**WHAT THIS TASK INVOLVES:**
Pictures stay out. Everything else in the listing below gets written out exactly.

**MATERIAL PROVIDED:**
------------------------

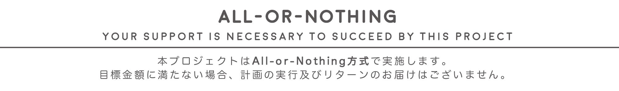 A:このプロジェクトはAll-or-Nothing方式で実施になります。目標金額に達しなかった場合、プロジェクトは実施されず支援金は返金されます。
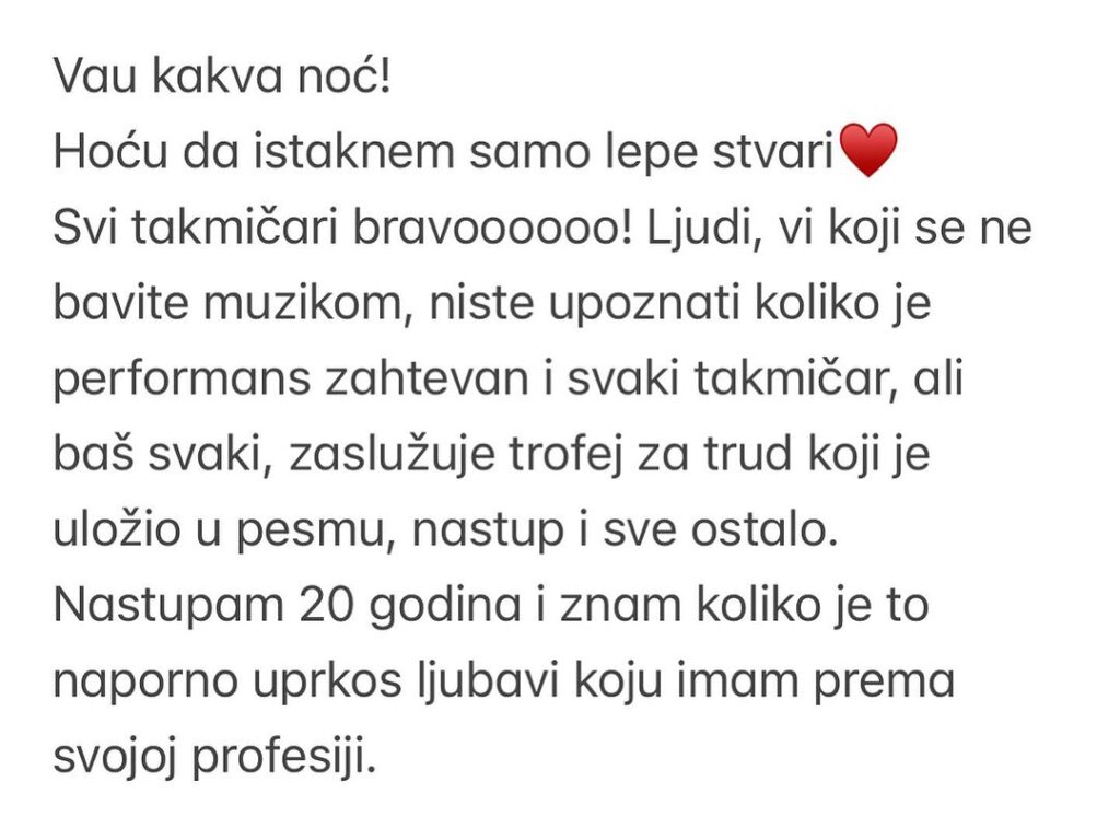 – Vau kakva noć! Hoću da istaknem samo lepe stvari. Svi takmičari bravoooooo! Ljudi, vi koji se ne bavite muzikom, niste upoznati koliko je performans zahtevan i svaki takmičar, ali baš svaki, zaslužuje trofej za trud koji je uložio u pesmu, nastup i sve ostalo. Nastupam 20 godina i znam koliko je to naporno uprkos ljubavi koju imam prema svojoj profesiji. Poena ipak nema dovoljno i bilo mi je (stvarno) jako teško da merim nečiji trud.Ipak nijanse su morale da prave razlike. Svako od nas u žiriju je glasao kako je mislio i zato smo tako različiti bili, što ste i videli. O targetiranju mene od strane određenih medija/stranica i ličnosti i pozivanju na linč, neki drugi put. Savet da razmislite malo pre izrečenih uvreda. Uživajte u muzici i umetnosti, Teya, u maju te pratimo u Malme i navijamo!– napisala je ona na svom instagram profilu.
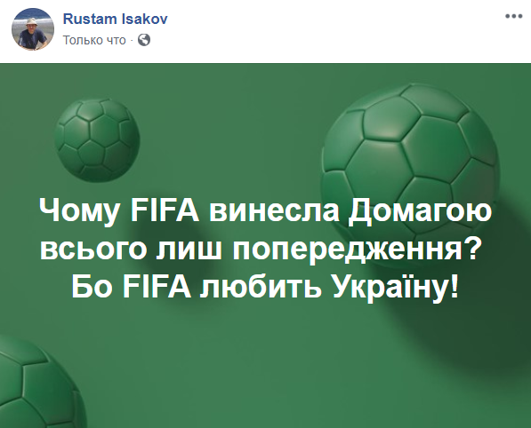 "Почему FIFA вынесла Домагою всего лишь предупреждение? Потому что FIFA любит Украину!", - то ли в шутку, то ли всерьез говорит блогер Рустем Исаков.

------------------------

**ANSWER AREA:**
 A:このプロジェクトはAll-or-Nothing方式で実施になります。目標金額に達しなかった場合、プロジェクトは実施されず支援金は返金されます。
 – Vau kakva noć! Hoću da istaknem samo lepe stvari. Svi takmičari bravoooooo! Ljudi, vi koji se ne bavite muzikom, niste upoznati koliko je performans zahtevan i svaki takmičar, ali baš svaki, zaslužuje trofej za trud koji je uložio u pesmu, nastup i sve ostalo. Nastupam 20 godina i znam koliko je to naporno uprkos ljubavi koju imam prema svojoj profesiji. Poena ipak nema dovoljno i bilo mi je (stvarno) jako teško da merim nečiji trud.Ipak nijanse su morale da prave razlike. Svako od nas u žiriju je glasao kako je mislio i zato smo tako različiti bili, što ste i videli. O targetiranju mene od strane određenih medija/stranica i ličnosti i pozivanju na linč, neki drugi put. Savet da razmislite malo pre izrečenih uvreda. Uživajte u muzici i umetnosti, Teya, u maju te pratimo u Malme i navijamo!– napisala je ona na svom instagram profilu.
 "Почему FIFA вынесла Домагою всего лишь предупреждение? Потому что FIFA любит Украину!", - то ли в шутку, то ли всерьез говорит блогер Рустем Исаков.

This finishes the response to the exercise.